• **Work instruction**:
Exact reproduction of all the entries is required, without any of their pictures.
══ Records for processing ══
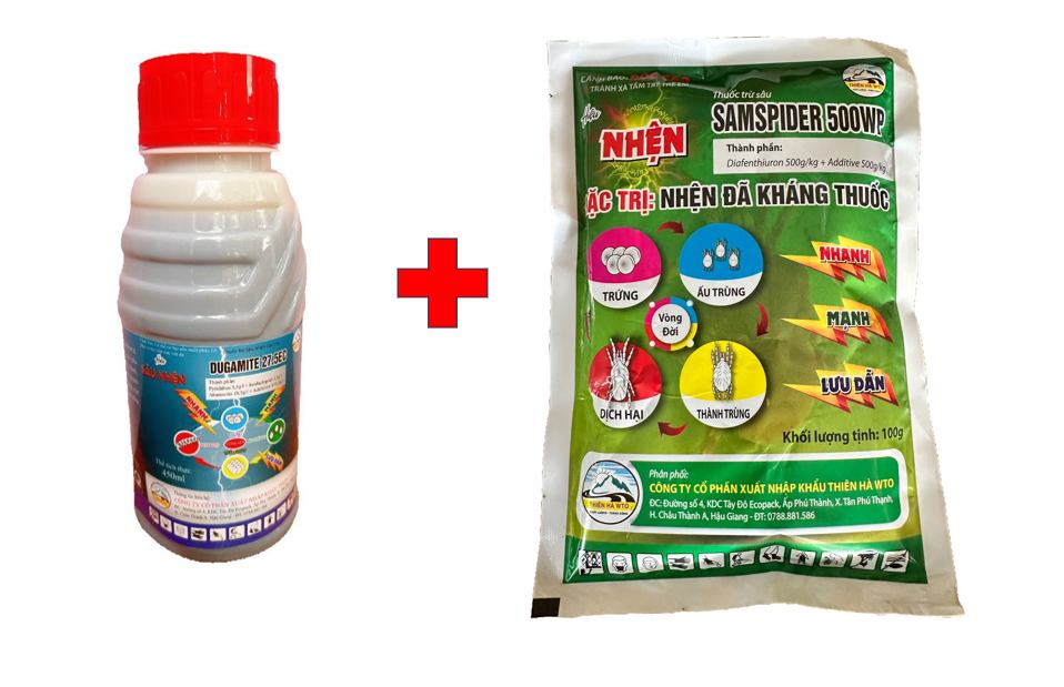 ⇒ Thiên Hà WTO giới thiệu đến bà con cặp sản phẩm có thể đáp ứng được yêu cầu trên . Đó là SÂU NHỆN ( DUGAMITE 27.5EC ) và CHUYÊN NHỆN ( SAMSPIDER 500WP ) giúp phòng ngừa nhện hiệu quả và giúp bộ lá xanh dày.
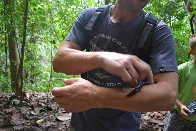在他们正在搞定菠萝蜜的时候,只听我一声尖叫,感觉脚上有东西,蹲下身子,脚踝处,露出一条尾巴,好似挣扎般四处的扭动,而这虫子的头已经深深地埋在肉里,再仔细看,貌似不是在挣扎,而是想往里钻的冲动,看在旁边的孩子们都毛骨悚然!
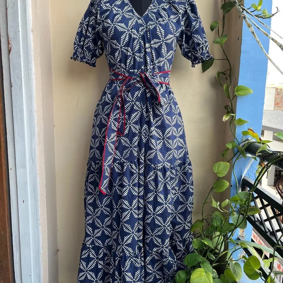 เดรสยาวแม็กซี่ผ้าฝ้ายอินเดียแท้ 100% ลายดอกพิมพ์ลายบล็อกด้วยมือ ขายดี สำหรับผู้หญิง แต่งลายปัก สไตล์ลำลอง
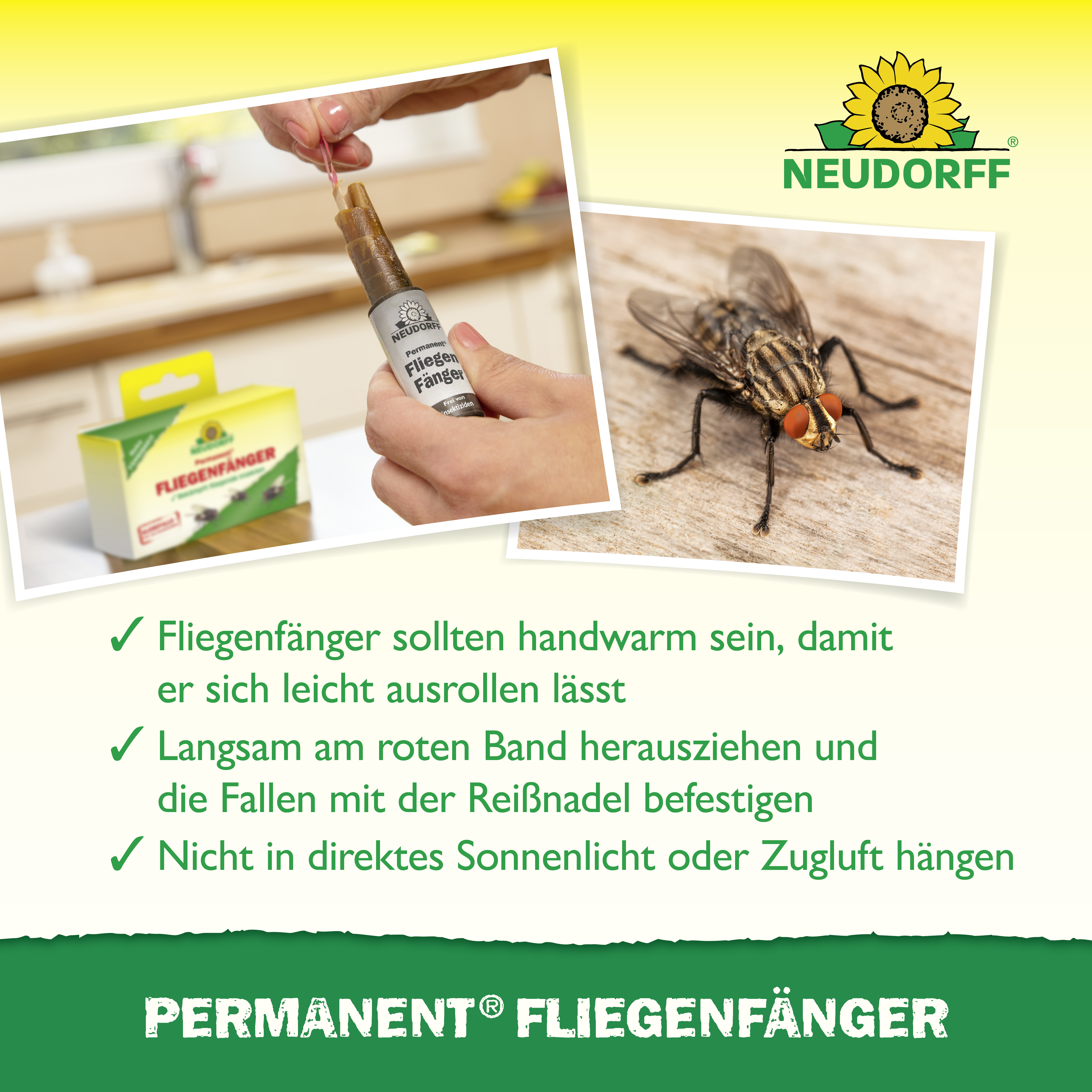 - Damit sich die FliegenFänger leicht ausrollen lassen, einige Zeit zwischen den Händen halten. (Die FliegenFänger sollten handwarm sein.)
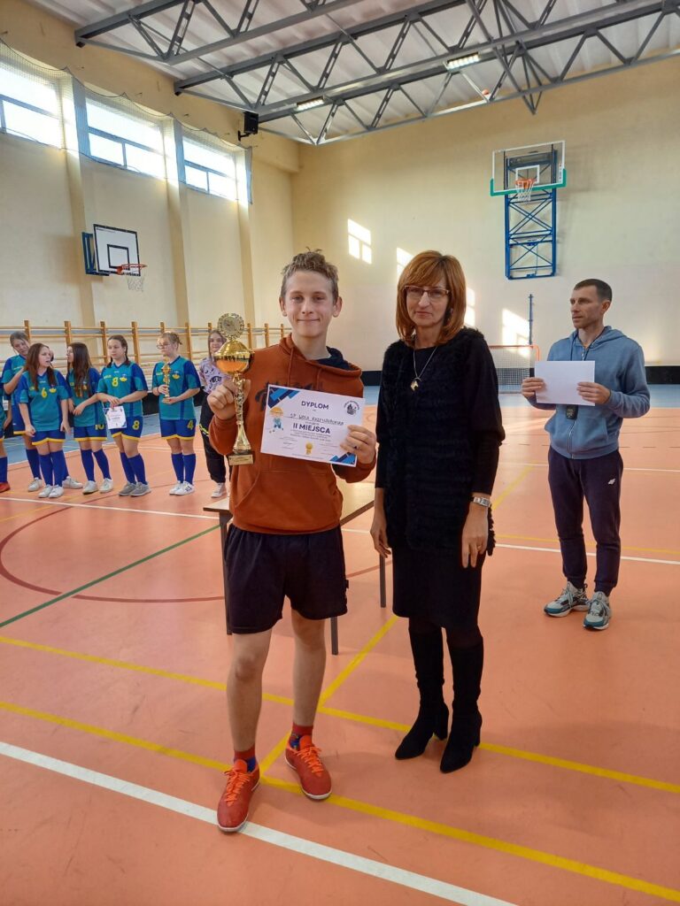 W dniu 22.11.2022r. w naszej szkole odbył się finał powiatowy dziewcząt i chłopców w ramach Igrzysk Młodzieży Szkolnej w Unihokeju. Nasza szkoła wystawiła dwie reprezentacje po wcześniej wygranych eliminacjach gminnych. Na Turniej zgłosiły się reprezentacje dziewcząt z Sulejowa, Bab i Łęk Szlacheckich. Wśród chłopców zgłosiły się Rozprza, Sulejów, Łęki Szlacheckie, Baby. Rozgrywki prowadzone były w grupach. Nasze dziewczyny pierwszy mecz grały z Babami i przegrały 1:0 później grały o 3 miejsce i tym razem musiały uznać wyższość Łęk Szlacheckich przegrywając ten mecz 3:1 i ostatecznie zajęły 4 miejsce. Dużo lepiej wypadli chłopcy, którzy w pierwszym meczu pokonali Rozprzę 3:0, później zremisowali z Babami 1:1 zajmując 1 miejsce w swojej grupie dzięki czemu awansowali do finału, w którym ulegli Łękom Szlacheckim 1:0 i zajęli bardzo dobre 2 miejsce. Po turnieju był czas na podsumowanie, w którym Pani Dyrektor Anna Otwinowska podziękowała wszystkim trenerom i młodzieży uczestniczącej za sportową rywalizację i wręczyła pamiątkowe dyplomy i puchary.
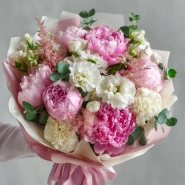 ГлавнаяКаталогБукетыПионыБукет с пионами «Пудровая нега»
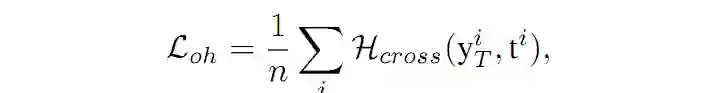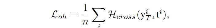 X={X1,X2,,,Xn} 的图像来说,D 的输出为 {y1,y2,,,yn},根据输出得到的预测的 label 为 {t1,t2,,,tn},Loh 则可以表示为输出和预测值之间的交叉熵损失:
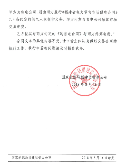 福建能監(jiān)辦日前發(fā)布了關(guān)于完善《福建省電力直接交易三方合同(示范文本)有關(guān)條款的通知》,對(duì)部分條款進(jìn)行了修改完善。
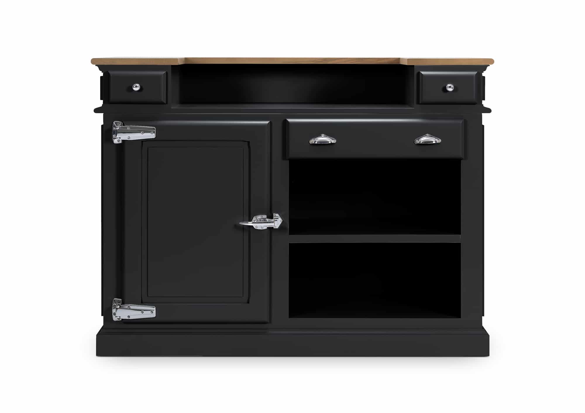 At the back of the bar, enjoy storage space with three drawers on runners with integrated “soft close” shock absorbers. Cupboard with middle shelf.
═══
• **Task result**:
 ⇒ Thiên Hà WTO giới thiệu đến bà con cặp sản phẩm có thể đáp ứng được yêu cầu trên . Đó là SÂU NHỆN ( DUGAMITE 27.5EC ) và CHUYÊN NHỆN ( SAMSPIDER 500WP ) giúp phòng ngừa nhện hiệu quả và giúp bộ lá xanh dày.
在他们正在搞定菠萝蜜的时候,只听我一声尖叫,感觉脚上有东西,蹲下身子,脚踝处,露出一条尾巴,好似挣扎般四处的扭动,而这虫子的头已经深深地埋在肉里,再仔细看,貌似不是在挣扎,而是想往里钻的冲动,看在旁边的孩子们都毛骨悚然!
 เดรสยาวแม็กซี่ผ้าฝ้ายอินเดียแท้ 100% ลายดอกพิมพ์ลายบล็อกด้วยมือ ขายดี สำหรับผู้หญิง แต่งลายปัก สไตล์ลำลอง
 - Damit sich die FliegenFänger leicht ausrollen lassen, einige Zeit zwischen den Händen halten. (Die FliegenFänger sollten handwarm sein.)
 W dniu 22.11.2022r. w naszej szkole odbył się finał powiatowy dziewcząt i chłopców w ramach Igrzysk Młodzieży Szkolnej w Unihokeju. Nasza szkoła wystawiła dwie reprezentacje po wcześniej wygranych eliminacjach gminnych. Na Turniej zgłosiły się reprezentacje dziewcząt z Sulejowa, Bab i Łęk Szlacheckich. Wśród chłopców zgłosiły się Rozprza, Sulejów, Łęki Szlacheckie, Baby. Rozgrywki prowadzone były w grupach. Nasze dziewczyny pierwszy mecz grały z Babami i przegrały 1:0 później grały o 3 miejsce i tym razem musiały uznać wyższość Łęk Szlacheckich przegrywając ten mecz 3:1 i ostatecznie zajęły 4 miejsce. Dużo lepiej wypadli chłopcy, którzy w pierwszym meczu pokonali Rozprzę 3:0, później zremisowali z Babami 1:1 zajmując 1 miejsce w swojej grupie dzięki czemu awansowali do finału, w którym ulegli Łękom Szlacheckim 1:0 i zajęli bardzo dobre 2 miejsce. Po turnieju był czas na podsumowanie, w którym Pani Dyrektor Anna Otwinowska podziękowała wszystkim trenerom i młodzieży uczestniczącej za sportową rywalizację i wręczyła pamiątkowe dyplomy i puchary.
 ГлавнаяКаталогБукетыПионыБукет с пионами «Пудровая нега»
 X={X1,X2,,,Xn} 的图像来说,D 的输出为 {y1,y2,,,yn},根据输出得到的预测的 label 为 {t1,t2,,,tn},Loh 则可以表示为输出和预测值之间的交叉熵损失:
 福建能監(jiān)辦日前發(fā)布了關(guān)于完善《福建省電力直接交易三方合同(示范文本)有關(guān)條款的通知》,對(duì)部分條款進(jìn)行了修改完善。
 At the back of the bar, enjoy storage space with three drawers on runners with integrated “soft close” shock absorbers. Cupboard with middle shelf.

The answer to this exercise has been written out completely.